In HERO U: ROGUE TO REDEMPTION, Shawn O'Conner is a bit of an outsider. After he's caught trying to steal a valuable coin from a flashy home, he's whisked away to magic school Hero U and forced to choose between going to jail or attending classes there. Shawn is assigned to the Rogue class, which at Hero U is called "Disbarred Bards," in order to avoid the stigma of roguish activities. Shawn soon meets his classmates -- Thomas, Caesari, Katie, Esme, and Joel -- and learns the daily routine of balancing classes, improving skills, and exploring the castle. Throughout each day, events such as exams and optional quests emerge as players make choices about who Shawn will become. Who will he become close to? Can he avoid the overbearing gaze of Headmaster Mortimer Terk, who will seemingly stop at nothing to find a reason to have Shawn expelled? Will Shawn spend more time in the library or sneaking around the halls past curfew? Most importantly, who is the anonymous sponsor who brought Shawn to Hero U in the first place?
Is It Any Good?
In the best way possible, this adventure feels like a game that was made 20 years ago. The dialogue in Hero U: Rouge to Redemption is offbeat and witty in a way that feels imperfect. It's slow to get started and doesn't give players all the answers they need right away. In a way, it's not offering instant gratification. Hero U is a great example, reminding players that old school doesn't necessarily mean outdated, and new doesn't necessarily mean innovative. While this slower-paced experience may feel more familiar to those who remember playing older games, it's not so foreign that younger players won't be able to appreciate it.

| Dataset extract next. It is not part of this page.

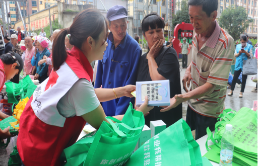 活动现场,工作人员和志愿者通过设立咨询台、摆放宣传展板、发放宣传资料等形式向群众发放应急救知识宣传册等。

A positive standout feature is the lack of "right" and "wrong" choices in how players choose to spend their time. Many strategies will lead Shawn successfully throughout the story, since the only real goal is to avoid expulsion. There's also a relaxing element to the routine of each school day. Many events are the same, but each class lecture contains a unique cutscene that either moves the story along or offers information that will be relevant to a class exam question (which players have to remember the answers to and manually answer!). It's all but guaranteed that players won't be able to discover everything on the first playthrough, and understanding how to maximize Shawn's time every day between skill-building, peer relationships, and money-making for school supplies is difficult at first. It's easy to feel like not much is being accomplished in the first few days, but once players find a rhythm, the days move faster and become more rewarding, leaving extra time for optional quests and puzzles. Overall, fans of casual RPGs (role-playing games) and fantasy adventures are sure to appreciate the corny jokes and small details throughout this tale of adolescent shenanigans and hard-earned redemption.
Talk to Your Kids About ...
Families can talk about the ways that Shawn attempts to flirt with his classmates. What about his approach might be appropriate or inappropriate in real life, and what are realistic ways that people can tell if affection is reciprocated?
Is there ever a difference between stealing and "borrowing" items, as some game characters say? What's the correct way to borrow an item from a friend or family member?
- Platforms: Linux, Mac, Nintendo Switch, Windows
- Pricing structure: Paid
- Available online?: Available online
- Publisher: Transolar Games
- Release date: February 16, 2021
- Genre: Action/Adventure
- Topics: Magic and Fantasy, Adventures
- ESRB rating: T for Fantasy violence, suggestive themes, simulated gambling, use of alcohol.